僧前ひとつと言っても僧侶1人分の食事ではなく、「高坏(たかつき)十二本、折敷(おしき)・懸盤(かけばん)の饗二十前(ぜん)、大破子(おおわりこ)六荷、手作布(てつくりぬの)百段」(『小右記』治安2年7月14日条)という大規模なもの。
また、法華八講で特に荘厳な儀が行われる五巻日には上達部・殿上人は棒物を奉じており、実資も捧物(香炉)を作らせている。

道長の正室源倫子が法成寺西北院を供養した時も、実資は関白頼通から僧前の準備を求められ、道長の法成寺金堂供養にも講師天台座主用の僧前を奉じている。
倫子の六十賀においても、太后(太皇太后彰子)令旨により、実資の養子伯耆守資頼に対して綾掛(あやのうちかけ)、同じく養子宰相資平には尼用の夏装束が賦課されている。

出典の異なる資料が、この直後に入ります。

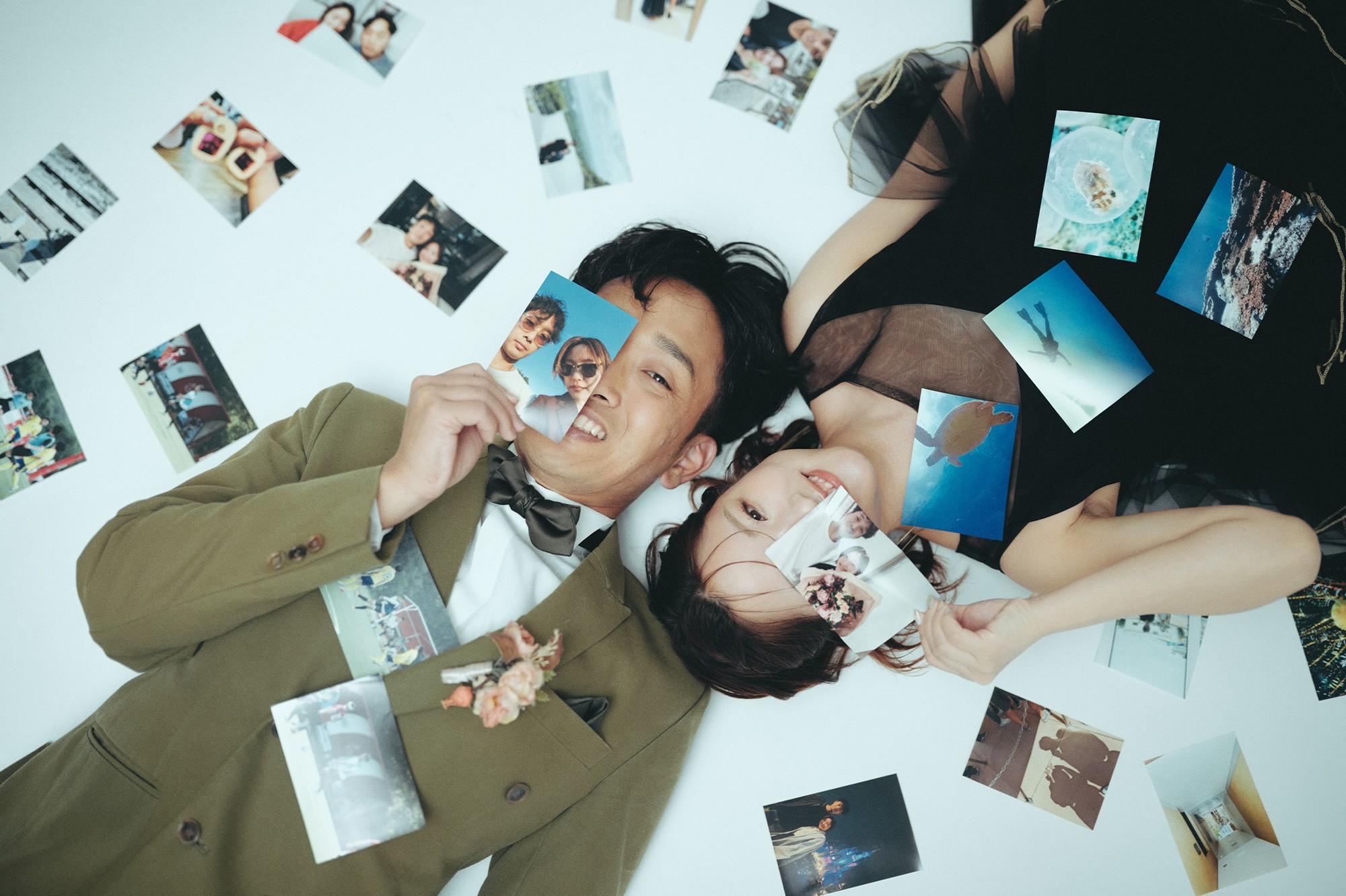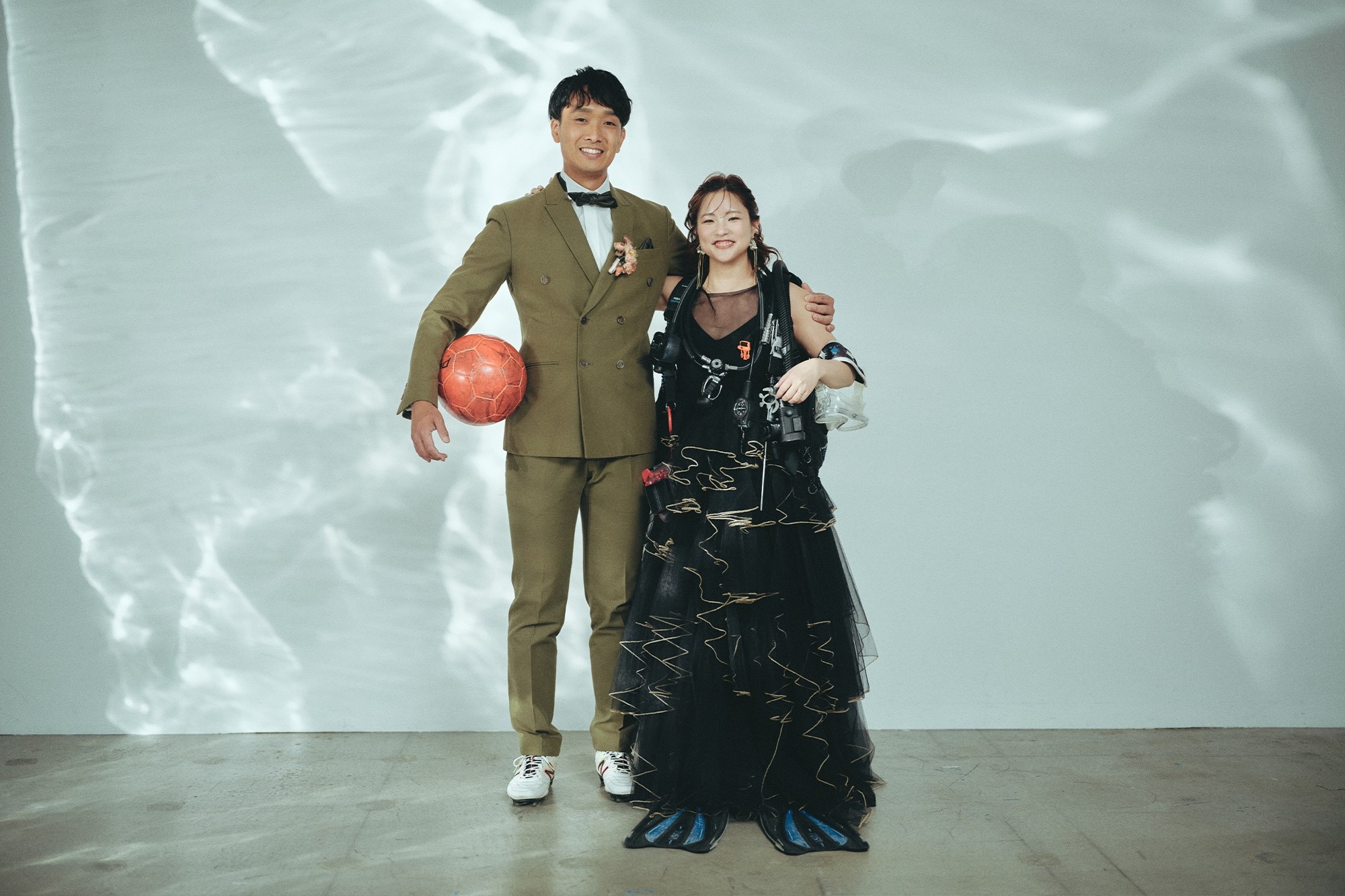 それぞれダイビングとサッカーが趣味のおふたりは、ダイビンググッズやサッカーボール、思い出の写真などを撮影アイテムとして使用。おふたりの思いがぎゅっと詰まった写真がたくさん誕生しました。

これらの儀式・行事については経済的奉仕だけではなく、当然、儀式・行事への参列も求められ、経済的奉仕を要求されない場合でも参列を命じられている例も多い。
また、道長主催でなくとも当時后であった道長の娘たち(太皇太后彰子・皇太后妍子・中宮威子)や、道長外孫である東宮敦良親王の儀式・行事に関して参列や経済的奉仕を要求される場合も多かった。

一方、公卿たちも道長の歓心を買うために、進んで奉仕を行った。
道長をたびたび批判している実資さえ、道長が法華八講の僧前を大納言以下の公卿に割り当てた時、左右大臣と大納言実資が除かれたことに対して、奉仕を請おうとして資平に道長の意向を伺わせている。
その結果、13日には道長から了承され、僧前を奉仕することになった。
道長の公卿に対する賦課があまり抵抗なく受け入れられていったのは、貴族間において儀式・行事主催者に対する相互扶助である「訪(とぶらい)」の慣行があったことが前提となっているのかもしれない。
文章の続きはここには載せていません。